* _Exercise aim_
Beginning with the line that contains "Enered ordlek t-shirt" and ending with the last line of the records, write out each line exactly and omit the pictures.

* _Material supplied_
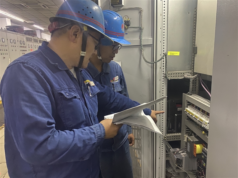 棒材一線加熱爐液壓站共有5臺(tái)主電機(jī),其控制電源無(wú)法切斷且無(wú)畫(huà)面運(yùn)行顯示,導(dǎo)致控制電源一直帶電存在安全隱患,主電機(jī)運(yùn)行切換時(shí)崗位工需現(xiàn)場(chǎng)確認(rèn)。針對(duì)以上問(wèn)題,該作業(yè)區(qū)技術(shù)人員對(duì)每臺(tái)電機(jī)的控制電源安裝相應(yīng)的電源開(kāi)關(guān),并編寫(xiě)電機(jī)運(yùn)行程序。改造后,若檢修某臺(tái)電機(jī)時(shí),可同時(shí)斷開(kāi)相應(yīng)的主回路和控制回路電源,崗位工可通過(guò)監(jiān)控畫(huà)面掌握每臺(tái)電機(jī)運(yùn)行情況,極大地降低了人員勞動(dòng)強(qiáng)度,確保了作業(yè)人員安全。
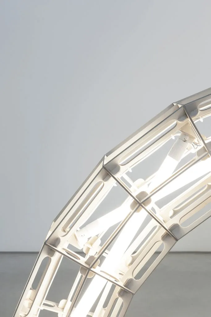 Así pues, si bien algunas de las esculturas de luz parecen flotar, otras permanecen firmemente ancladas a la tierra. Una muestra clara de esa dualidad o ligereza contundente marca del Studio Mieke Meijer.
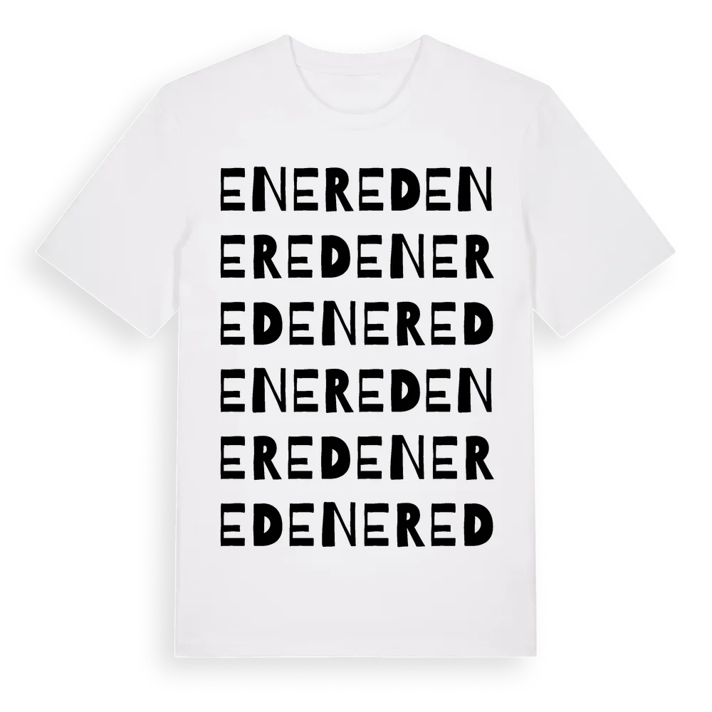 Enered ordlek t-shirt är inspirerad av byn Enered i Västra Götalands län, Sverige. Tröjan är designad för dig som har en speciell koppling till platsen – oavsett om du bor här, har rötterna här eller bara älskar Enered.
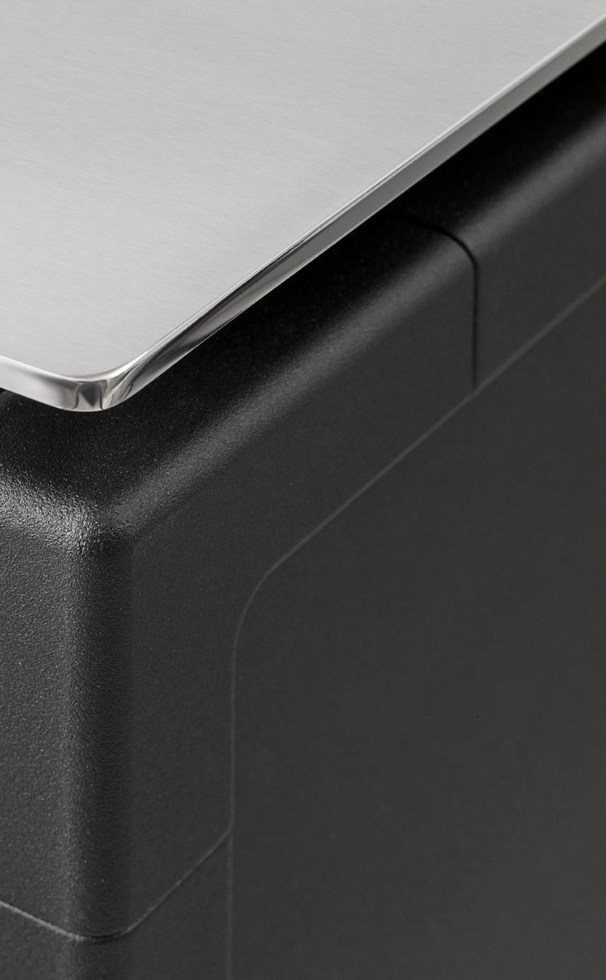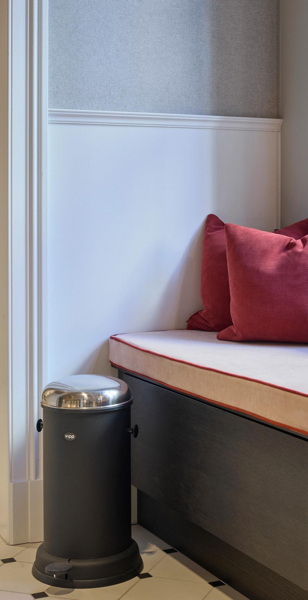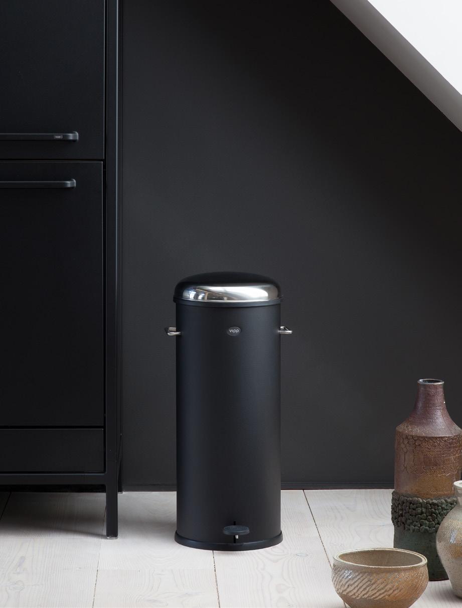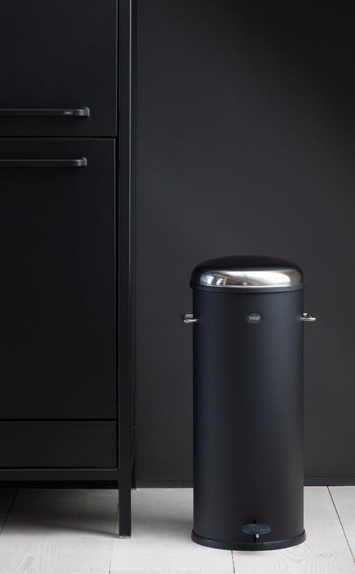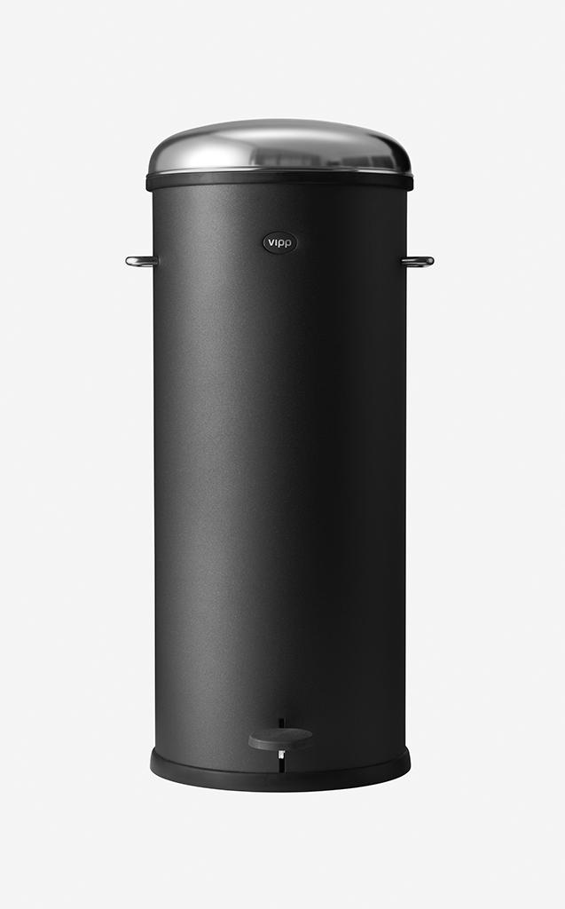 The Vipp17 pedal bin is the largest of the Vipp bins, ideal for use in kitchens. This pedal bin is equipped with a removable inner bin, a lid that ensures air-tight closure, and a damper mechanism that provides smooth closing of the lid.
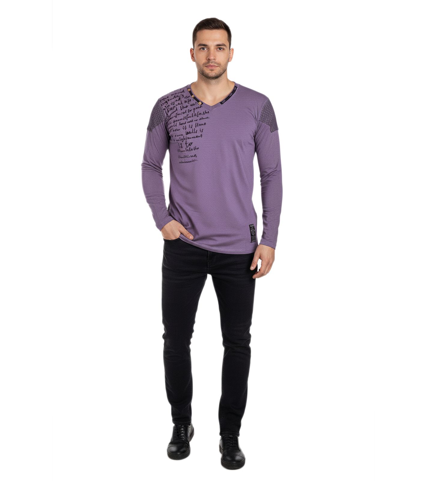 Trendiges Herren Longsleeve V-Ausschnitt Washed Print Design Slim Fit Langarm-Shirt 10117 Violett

* _Written reply_
 Enered ordlek t-shirt är inspirerad av byn Enered i Västra Götalands län, Sverige. Tröjan är designad för dig som har en speciell koppling till platsen – oavsett om du bor här, har rötterna här eller bara älskar Enered.
 The Vipp17 pedal bin is the largest of the Vipp bins, ideal for use in kitchens. This pedal bin is equipped with a removable inner bin, a lid that ensures air-tight closure, and a damper mechanism that provides smooth closing of the lid.
 Trendiges Herren Longsleeve V-Ausschnitt Washed Print Design Slim Fit Langarm-Shirt 10117 Violett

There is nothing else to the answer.